— Exercise goal —
Every record below must be returned word for word, with the pictures left out.

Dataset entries
_ _ _ _ _ _ _

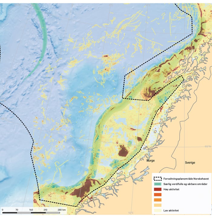 Et viktig arealmessig grep i forvaltningsplanene er identifisering av særlig verdifulle og sårbare områder. Dette er områder som har vesentlig betydning for det biologiske mangfoldet og den biologiske produksjonen i havområdet, også utenfor områdene selv. I Norskehavet gjelder dette for områdene: Remman, Froan med Sularevet, Mørebankene, Haltenbanken og Sklinnabanken, Iverryggen, Vestfjorden, Jan Mayen og Vesterisen, Eggakanten, Den arktiske front og Kystsonen. Kunnskapen om havbunnen i de særlige verdifulle og sårbare områdene i Norskehavet har blitt styrket og miljøverdiene bekreftet gjennom MAREANO. Målet i forvaltningsplanen er at aktiviteter i særlig verdifulle og sårbare områder skal foregå på en måte som ikke truer områdenes økologiske funksjoner eller naturmangfold. De særlig verdifulle og sårbare områdene er nærmere beskrevet og kartfestet i kapittel 3.4. Både bærekraftig bruk av havområdene og bevaring av områder med viktige miljøverdier inngår i en helhetlig forvaltning.
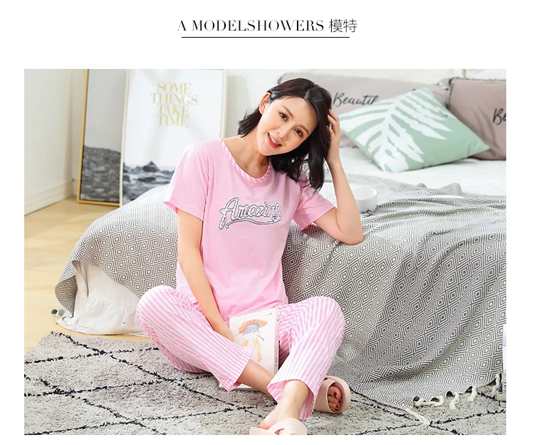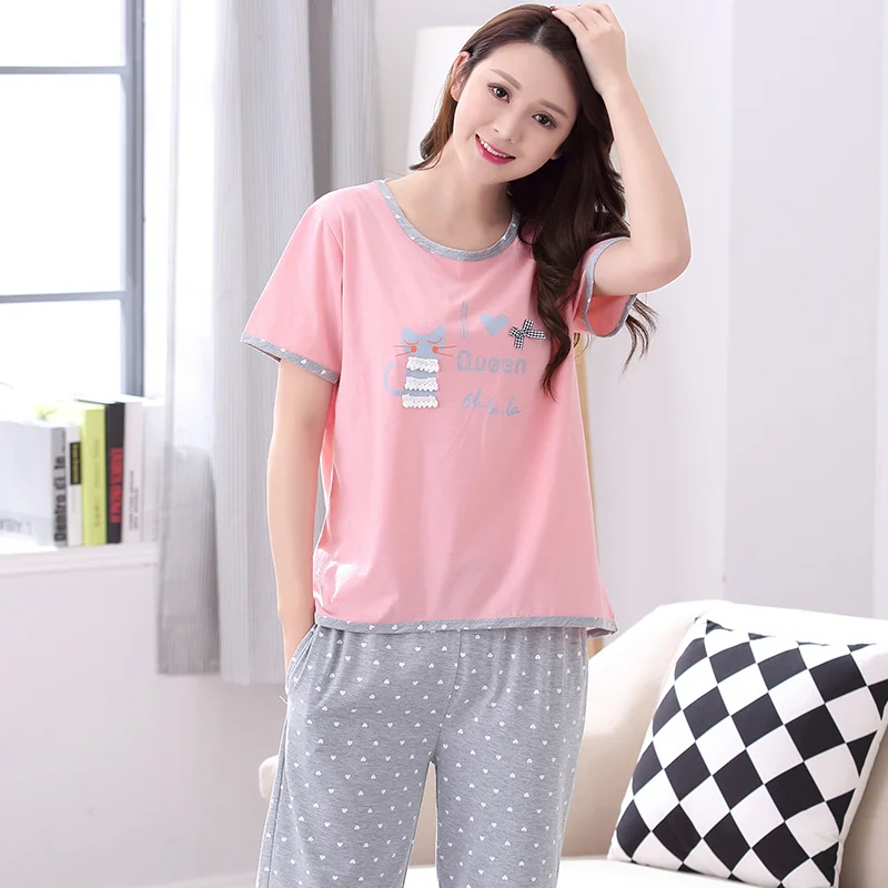 Новое поступление 2020, женские хлопковые пижамы, женские пижамные комплекты для девочек, мультяшная одежда для сна, пижамы для женщин, спортивный костюм с коротким рукавом
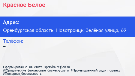 Красное & Белое по адресу Оренбургская область, Новотроицк, Зелёная улица, 69 в дальнейшем Организация, размещена в следующих категориях:
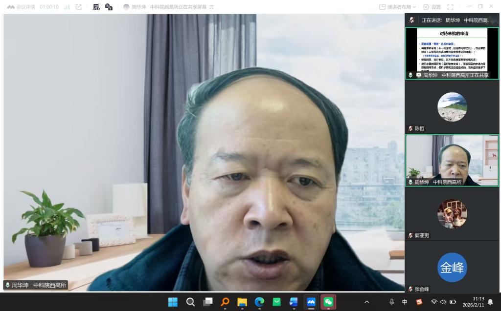 周华坤研究员以《申请国家自然科学基金的一些体会和认识》为题,结合自身多年申请和评审经历,从政策导向、基金架构、同行评审、选题切入点、立项依据、研究基础、创新点等方面进行了系统深入的分析。深度解读了2026年国家自然科学基金评审新动向,系统介绍了申请书各环节撰写要点,分享了“准、精、实、细”四字心得。在互动环节,周华坤研究员就申报教师提出的问题,结合教师申报书文本给出了建设性修改意见。
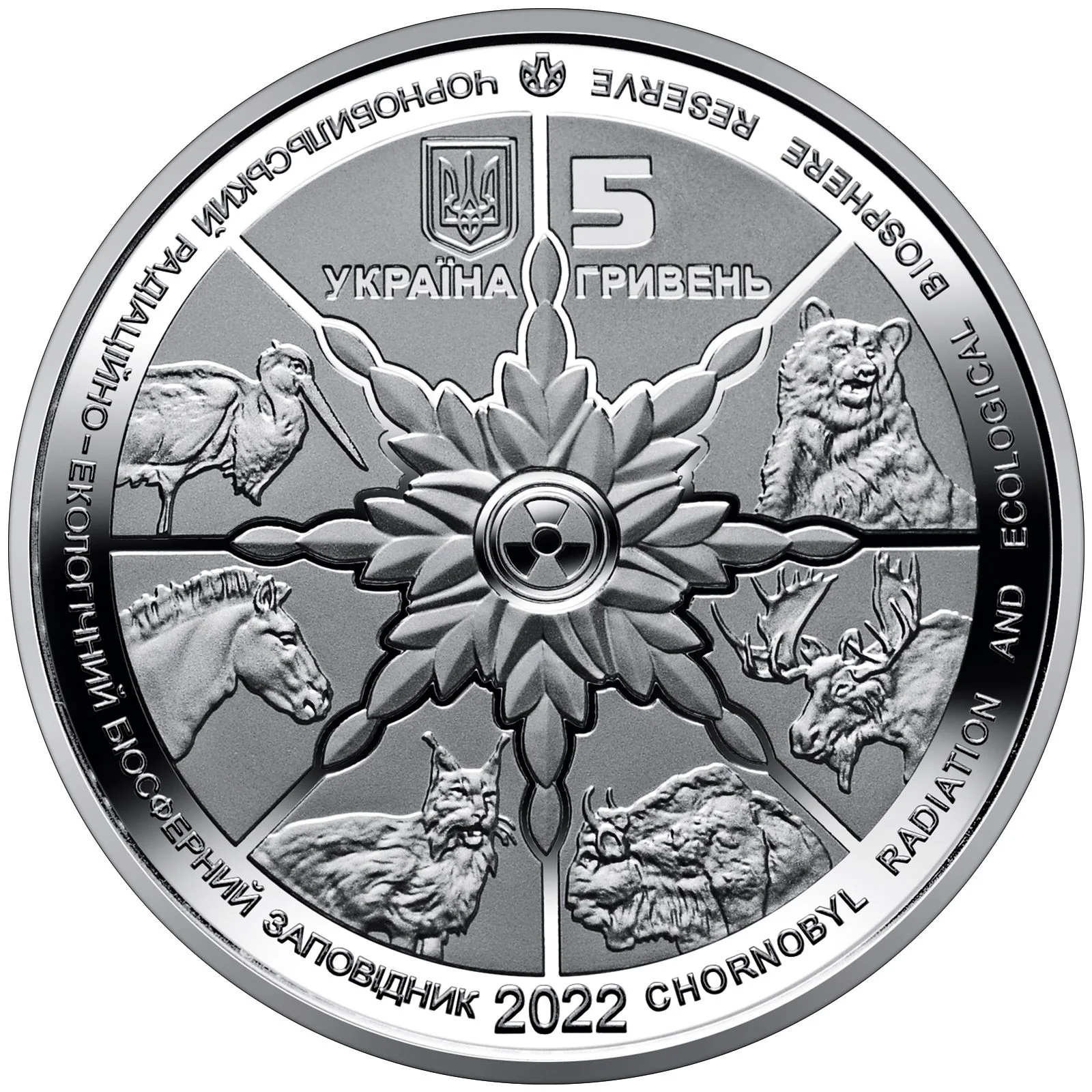 The obverse features Ukraine's small State Coat of Arms, the inscriptions "УКРАЇНА" and "5 ГРИВЕНЬ," and a central "wheel of life" symbol. This combines a stylized radiation sign with leaves and animals like the black stork, Przewalski's horse, and lynx, representing species reborn in the Chornobyl Exclusion Zone. Surrounding inscriptions name the Chornobyl Radiation and Ecological Biosphere Reserve in Ukrainian and English. The 2022 issue year and the mint mark of the NBU Banknote Printing and Minting Works are also present.
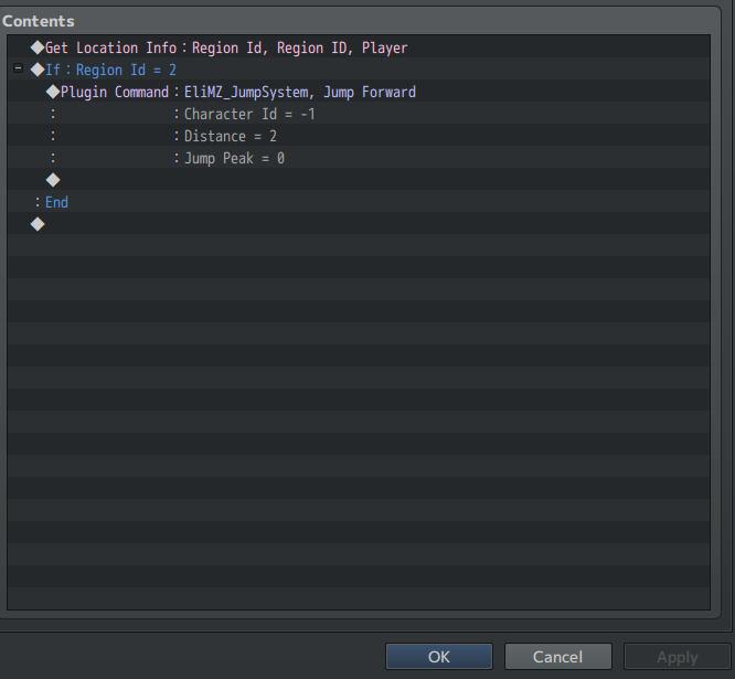 It does not auto-jump. But that is a matter of eventing. You can create a parallel common event and insert that screenshot example there. It will check if the player is on a region id, and do something when it is.
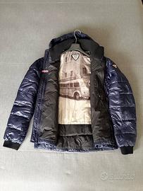 Taglia XL, colore blue, con polsini e collo in lana, colore nero. Con cappuccio e lacci per regolarlo. 2 tasche esterne con cerniera. 1 tasca interna con cerniera. Marca Rossignol. 80 % piumino, 20 % piuma. Chiusura con zip bidirezionale. Tenuto molto bene. Valore commerciale 280 euro. Vendo causa inutilizzo a 30 euro.
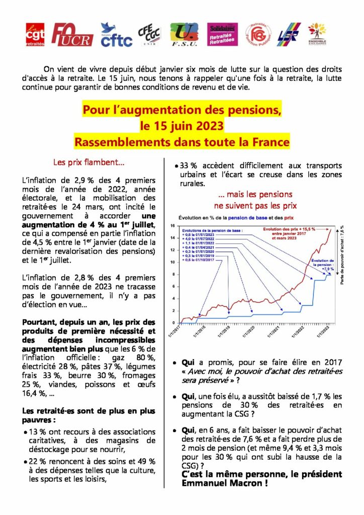 Pour l’augmentation des pensions, le 15 juin 2023, des rassemblements dans toute la France !
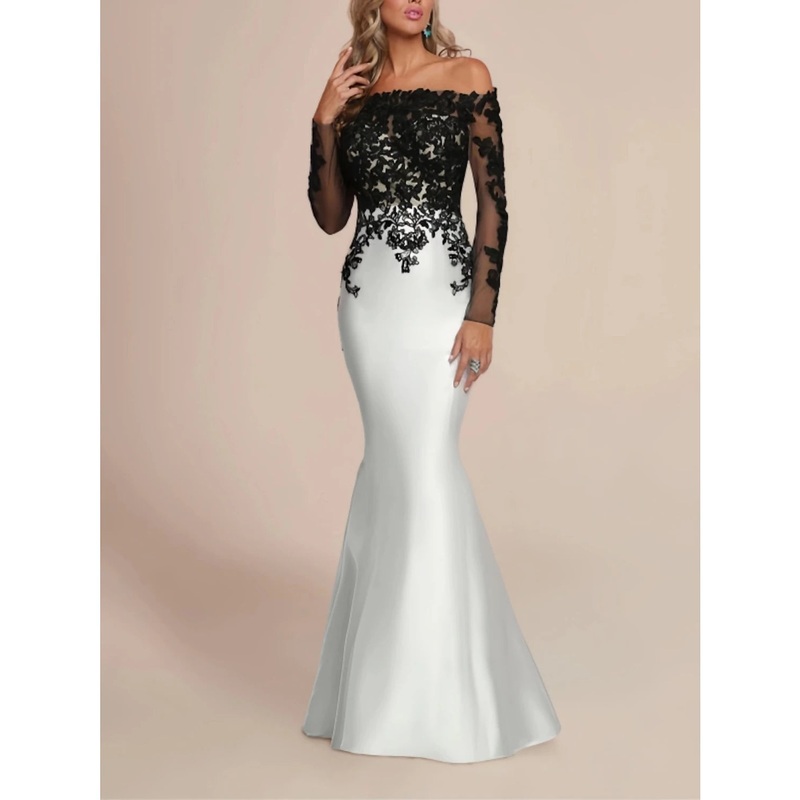 Mermaid / Trumpet Evening Gown Elegant Dress Formal Wedding Guest Floor Length Long Sleeve Off Shoulder Satin with Pleats Appliques
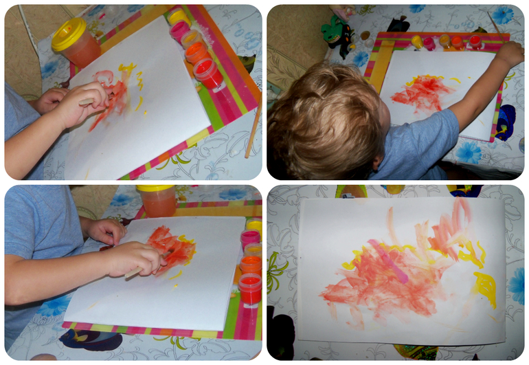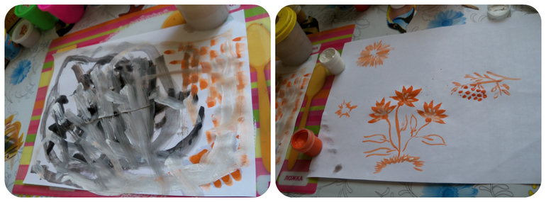 Вот еще наше творчество. Черно-белая картина сына, оранжевая моя. Пыталась его научить ставить кистью отпечатки, потом увлеклась и перебралась на отдельный лист.
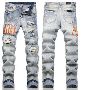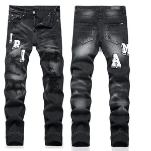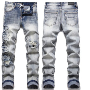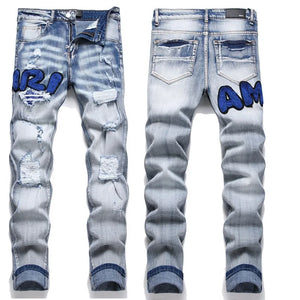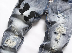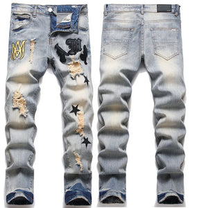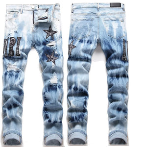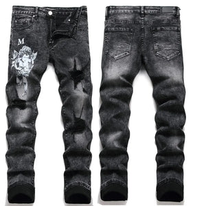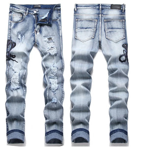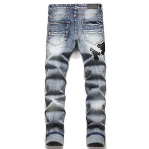 High Street Stretch Embroidery Men’s Jeans Ripped Streetwear Jeans Punk Style Pants for Man Slim Fashion Small Feet Men's Jeans
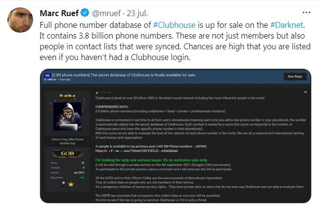 Una base de datos con 3.800 millones de números de teléfono pertenecientes a usuarios de la plataforma de chats de audio en directo, Clubhouse, se filtró en la denominada Darknet o Internet Oscura.
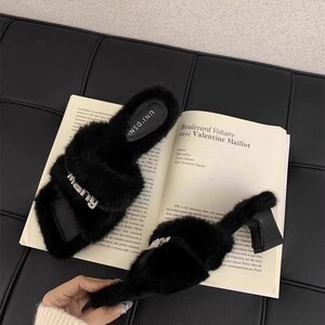 欧美风羊羔毛外穿拖鞋女2025秋季方头中跟露趾毛毛鞋粗跟高跟凉拖

_ _ _ _ _ _ _

— Solved problem —
 Et viktig arealmessig grep i forvaltningsplanene er identifisering av særlig verdifulle og sårbare områder. Dette er områder som har vesentlig betydning for det biologiske mangfoldet og den biologiske produksjonen i havområdet, også utenfor områdene selv. I Norskehavet gjelder dette for områdene: Remman, Froan med Sularevet, Mørebankene, Haltenbanken og Sklinnabanken, Iverryggen, Vestfjorden, Jan Mayen og Vesterisen, Eggakanten, Den arktiske front og Kystsonen. Kunnskapen om havbunnen i de særlige verdifulle og sårbare områdene i Norskehavet har blitt styrket og miljøverdiene bekreftet gjennom MAREANO. Målet i forvaltningsplanen er at aktiviteter i særlig verdifulle og sårbare områder skal foregå på en måte som ikke truer områdenes økologiske funksjoner eller naturmangfold. De særlig verdifulle og sårbare områdene er nærmere beskrevet og kartfestet i kapittel 3.4. Både bærekraftig bruk av havområdene og bevaring av områder med viktige miljøverdier inngår i en helhetlig forvaltning.
 Новое поступление 2020, женские хлопковые пижамы, женские пижамные комплекты для девочек, мультяшная одежда для сна, пижамы для женщин, спортивный костюм с коротким рукавом
 Красное & Белое по адресу Оренбургская область, Новотроицк, Зелёная улица, 69 в дальнейшем Организация, размещена в следующих категориях:
 周华坤研究员以《申请国家自然科学基金的一些体会和认识》为题,结合自身多年申请和评审经历,从政策导向、基金架构、同行评审、选题切入点、立项依据、研究基础、创新点等方面进行了系统深入的分析。深度解读了2026年国家自然科学基金评审新动向,系统介绍了申请书各环节撰写要点,分享了“准、精、实、细”四字心得。在互动环节,周华坤研究员就申报教师提出的问题,结合教师申报书文本给出了建设性修改意见。
 The obverse features Ukraine's small State Coat of Arms, the inscriptions "УКРАЇНА" and "5 ГРИВЕНЬ," and a central "wheel of life" symbol. This combines a stylized radiation sign with leaves and animals like the black stork, Przewalski's horse, and lynx, representing species reborn in the Chornobyl Exclusion Zone. Surrounding inscriptions name the Chornobyl Radiation and Ecological Biosphere Reserve in Ukrainian and English. The 2022 issue year and the mint mark of the NBU Banknote Printing and Minting Works are also present.
 It does not auto-jump. But that is a matter of eventing. You can create a parallel common event and insert that screenshot example there. It will check if the player is on a region id, and do something when it is.
 Taglia XL, colore blue, con polsini e collo in lana, colore nero. Con cappuccio e lacci per regolarlo. 2 tasche esterne con cerniera. 1 tasca interna con cerniera. Marca Rossignol. 80 % piumino, 20 % piuma. Chiusura con zip bidirezionale. Tenuto molto bene. Valore commerciale 280 euro. Vendo causa inutilizzo a 30 euro.
 Pour l’augmentation des pensions, le 15 juin 2023, des rassemblements dans toute la France !
 Mermaid / Trumpet Evening Gown Elegant Dress Formal Wedding Guest Floor Length Long Sleeve Off Shoulder Satin with Pleats Appliques
 Вот еще наше творчество. Черно-белая картина сына, оранжевая моя. Пыталась его научить ставить кистью отпечатки, потом увлеклась и перебралась на отдельный лист.
 High Street Stretch Embroidery Men’s Jeans Ripped Streetwear Jeans Punk Style Pants for Man Slim Fashion Small Feet Men's Jeans
 Una base de datos con 3.800 millones de números de teléfono pertenecientes a usuarios de la plataforma de chats de audio en directo, Clubhouse, se filtró en la denominada Darknet o Internet Oscura.
 欧美风羊羔毛外穿拖鞋女2025秋季方头中跟露趾毛毛鞋粗跟高跟凉拖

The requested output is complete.